Although all the children really want to go to the party, all apart from Arlo seem to be determined to test the new supply teacher, Mrs Ogg, to the limit. But when she arrives, it is clear that she is unlike any other teacher they have ever met. For a start she communicates with them by drumming a stick and encouraging them to chant and then takes them out of the classroom in a long line through the building and out into the school field. Unconventional activities over the next few days include painting a huge mural using dye from berries and flowers and making a shelter with leaves, sticks and grass. The most exciting development is the promise of a trip to the zoo - something that that no other teacher has been brave enough to organise. Arlo is a little bit concerned as to whether this might be a step too far but decides to take responsibility for checking that everything goes smoothly. Given the need for increasingly onerous risk assessments, this made me laugh. I guess that teachers could have some interesting discussion with children about why such a trip might be very different if it happened in the real world.

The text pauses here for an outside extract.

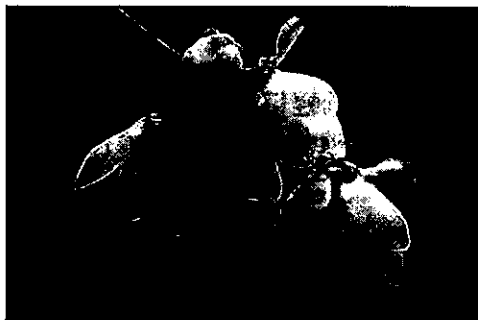
1月の花 罌粟(ロウバイ)
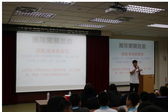
體育班學生互動遊戲增進情感交流

主題： 106 學年度體育班運動訓練與管理 專題報告 時間： 106 年 11 月 24 日 地點： 成淵高中綜合大樓 5F 研討室

Off they go at last on a coach driven by a man who wearing a furry outfit and sporting a huge scruffy beard. Much to their astonishment, they discover that they are visiting a Dinosaur Zoo where they go on to have a truly wonderful adventure. I won’t spoil the plot, but all of them learn that they are able to cope with a range of challenges. At the heart of their positive experience is Mrs Ogg who is determined to help them to make it a memorable day. There are several close shaves as you might expect from this group of energetic and imaginative children, but they return safely to school tired and very happy. And you will be pleased to know that they indeed get to have the end of year party despite the mean Ms Weebly who grudgingly allows it, as long as they don’t have any trifle.
Apart from liking Arlo and the other interesting characters, I really enjoyed this eventful story that is brought to life with plenty of lively illustrations. It is packed with interesting information about dinosaurs and also provides opportunities for talking about what happens in schools, and what doesn’t. I rather think that most children would like a teacher like Mrs Ogg who has faith in their abilities and gives lots of encouragement, although perhaps she is a little bit too unconventional for more than a few weeks. Luckily she is soon followed by Miss Pythia who is going to be their teacher the following year. She seems very promising because, as Arlo writes in his notebook:
‘ We’ve just met her but I can tell that things are going to be ‘ interesting’ She seems to know exactly what is happening without looking. Almost as if she has special powers ...’
I think that there will probably be another story on the horizon to tell us much more about this.